Task –
Skip the pictures. Output only the lines below starting at the line with "- Features a" and ending at the line with "Интимный взгляд проходит", both ends included, exactly as they are.
[Opening Data section]
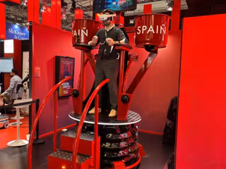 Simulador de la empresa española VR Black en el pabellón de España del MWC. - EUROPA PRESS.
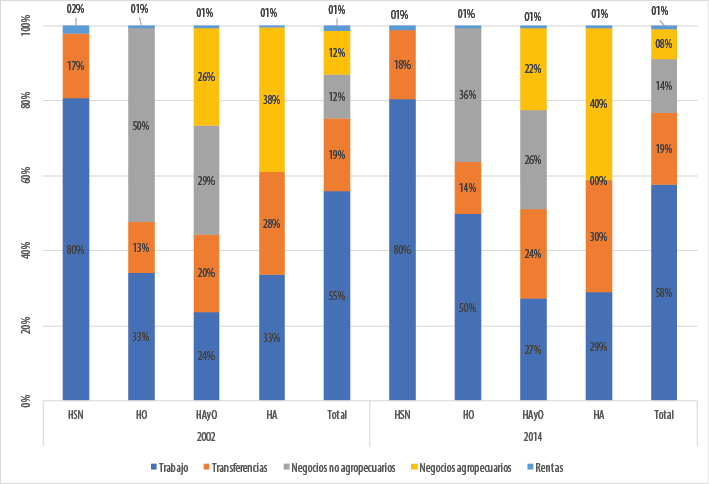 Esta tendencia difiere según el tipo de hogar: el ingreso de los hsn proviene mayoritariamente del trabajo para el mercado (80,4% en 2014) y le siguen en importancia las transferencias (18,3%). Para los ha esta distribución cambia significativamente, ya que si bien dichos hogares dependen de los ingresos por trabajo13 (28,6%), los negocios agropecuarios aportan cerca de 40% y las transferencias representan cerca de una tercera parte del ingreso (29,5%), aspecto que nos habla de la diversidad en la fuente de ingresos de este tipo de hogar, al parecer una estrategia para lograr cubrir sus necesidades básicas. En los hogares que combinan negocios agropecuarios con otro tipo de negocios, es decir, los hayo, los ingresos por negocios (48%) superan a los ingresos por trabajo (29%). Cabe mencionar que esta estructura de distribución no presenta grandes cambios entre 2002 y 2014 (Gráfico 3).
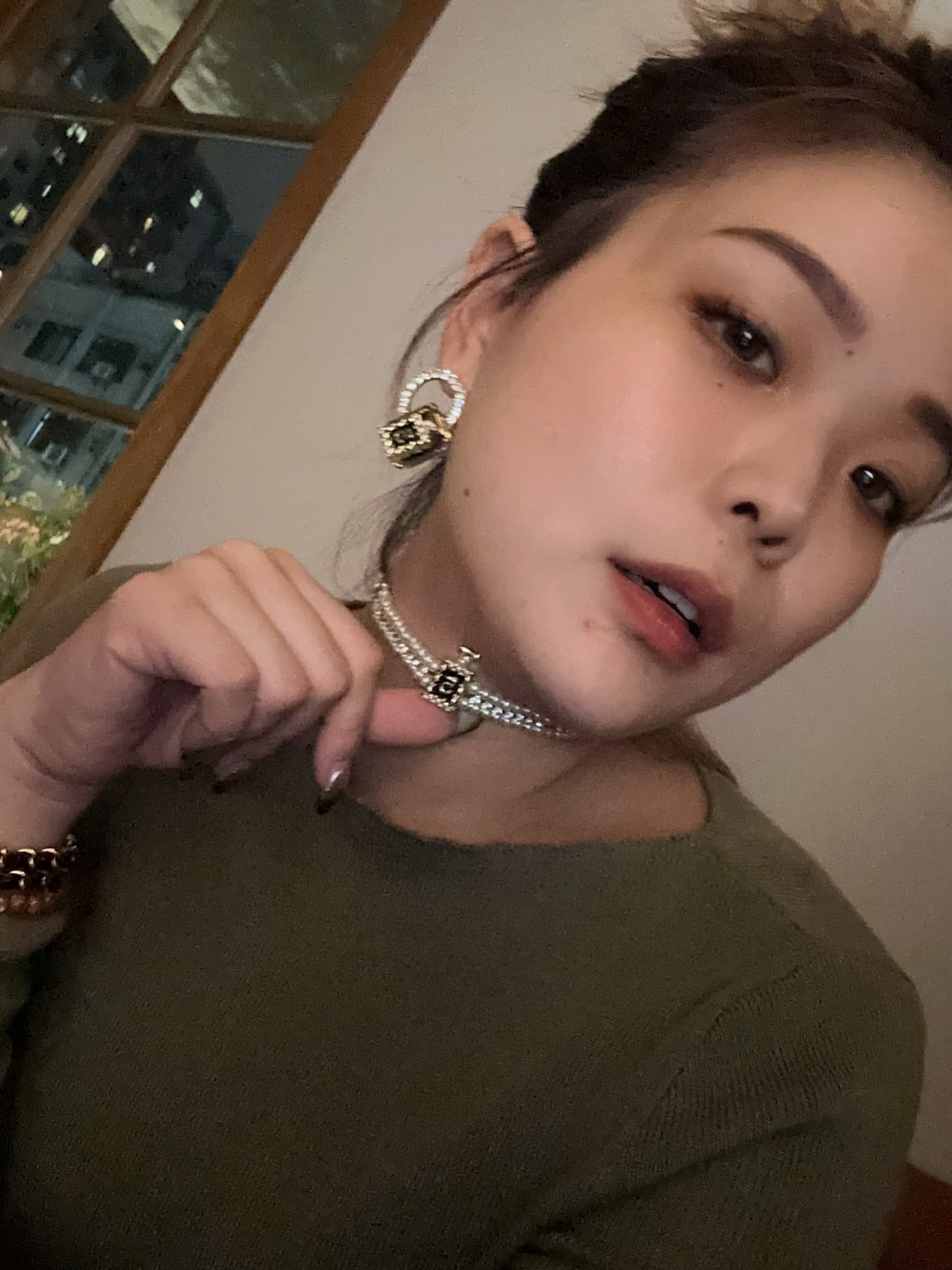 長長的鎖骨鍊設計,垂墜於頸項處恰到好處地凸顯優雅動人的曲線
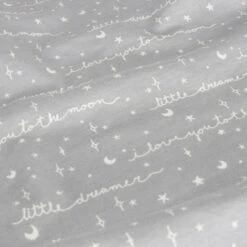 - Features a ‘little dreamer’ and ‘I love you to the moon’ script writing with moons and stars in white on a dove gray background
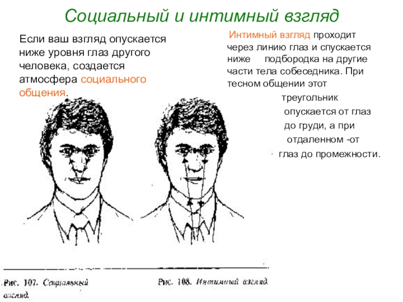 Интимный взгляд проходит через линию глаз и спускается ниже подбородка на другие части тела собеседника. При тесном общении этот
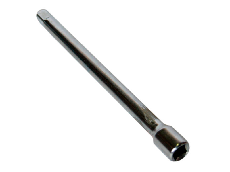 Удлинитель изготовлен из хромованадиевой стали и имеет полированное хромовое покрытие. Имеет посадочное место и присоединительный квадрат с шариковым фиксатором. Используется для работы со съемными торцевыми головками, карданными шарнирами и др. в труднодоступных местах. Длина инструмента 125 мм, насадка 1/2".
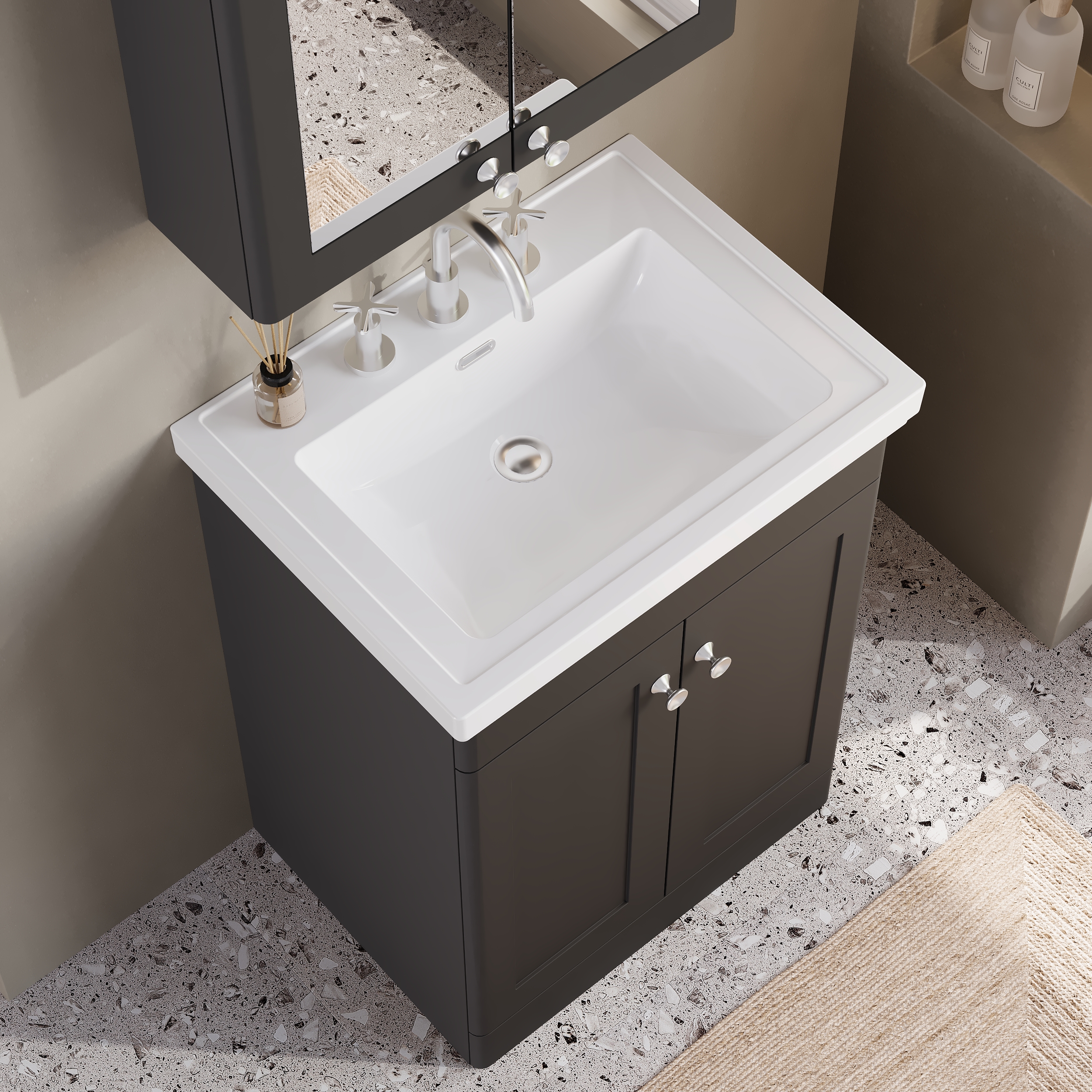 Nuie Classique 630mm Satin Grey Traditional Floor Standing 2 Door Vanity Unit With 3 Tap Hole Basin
[Closing Data section]
[Opening Data section]
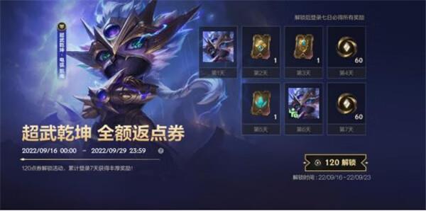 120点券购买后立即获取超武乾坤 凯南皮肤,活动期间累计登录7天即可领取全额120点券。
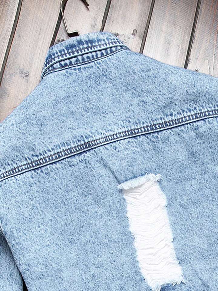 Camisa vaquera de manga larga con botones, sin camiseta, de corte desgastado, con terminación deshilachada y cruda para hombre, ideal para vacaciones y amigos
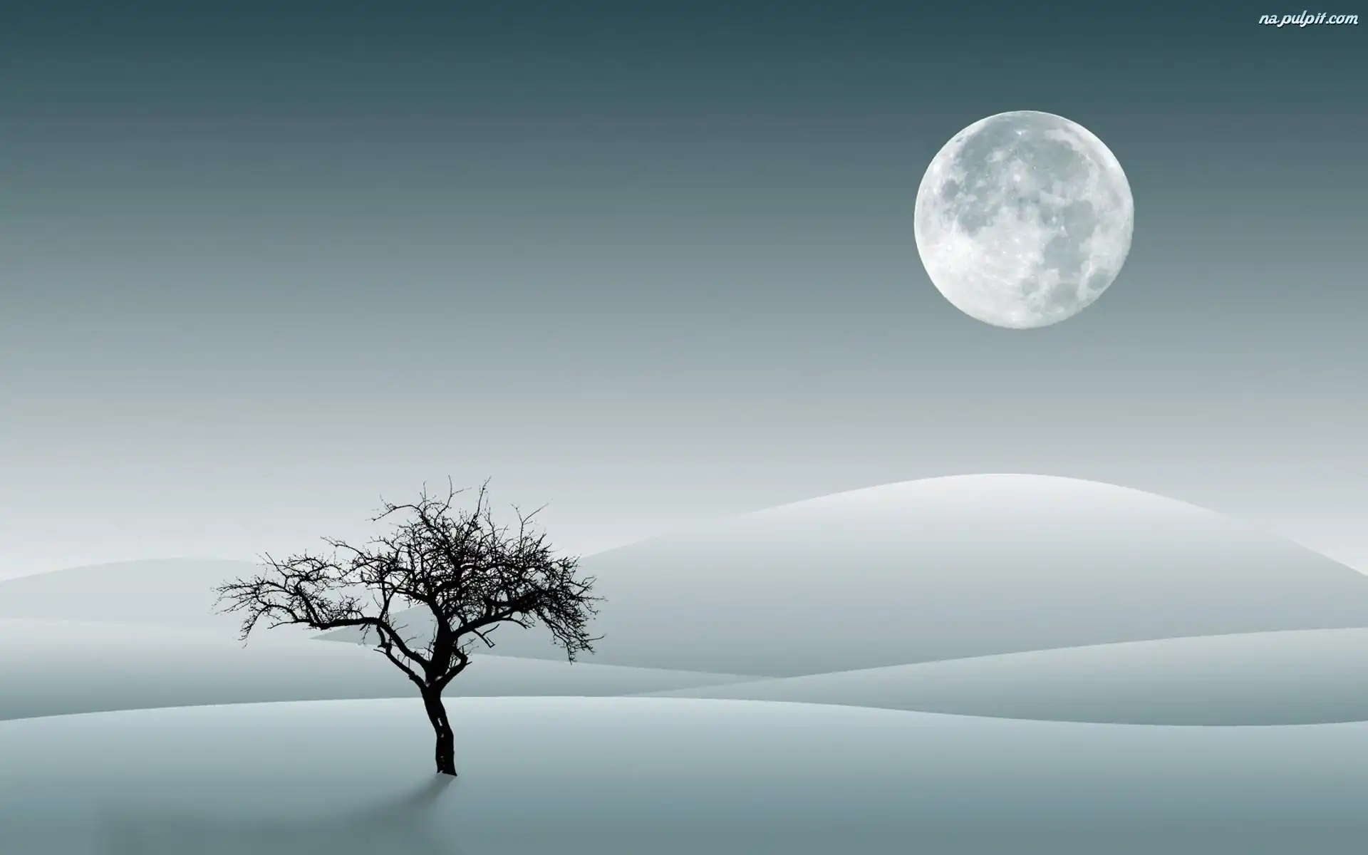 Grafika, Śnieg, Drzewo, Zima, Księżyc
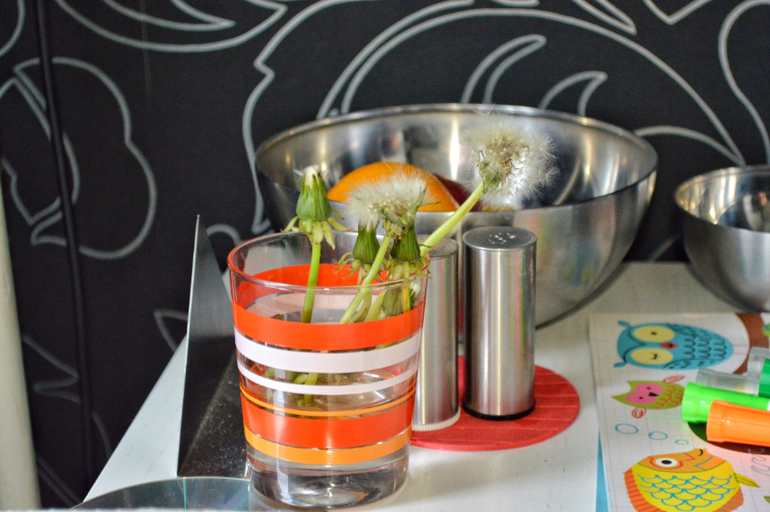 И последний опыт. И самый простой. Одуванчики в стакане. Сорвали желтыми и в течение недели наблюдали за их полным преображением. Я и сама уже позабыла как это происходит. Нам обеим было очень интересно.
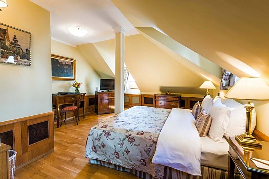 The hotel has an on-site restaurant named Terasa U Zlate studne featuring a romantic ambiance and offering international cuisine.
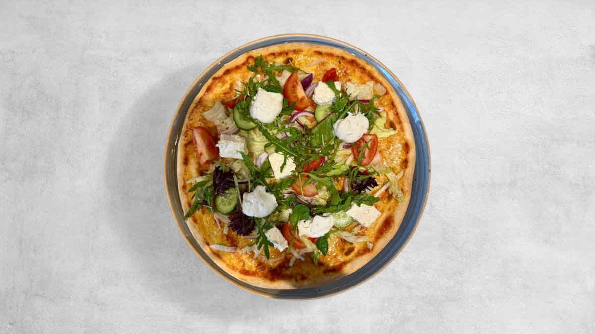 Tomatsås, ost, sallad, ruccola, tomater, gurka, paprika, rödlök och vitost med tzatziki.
[Closing Data section]
Task solution –
 - Features a ‘little dreamer’ and ‘I love you to the moon’ script writing with moons and stars in white on a dove gray background
 Интимный взгляд проходит через линию глаз и спускается ниже подбородка на другие части тела собеседника. При тесном общении этот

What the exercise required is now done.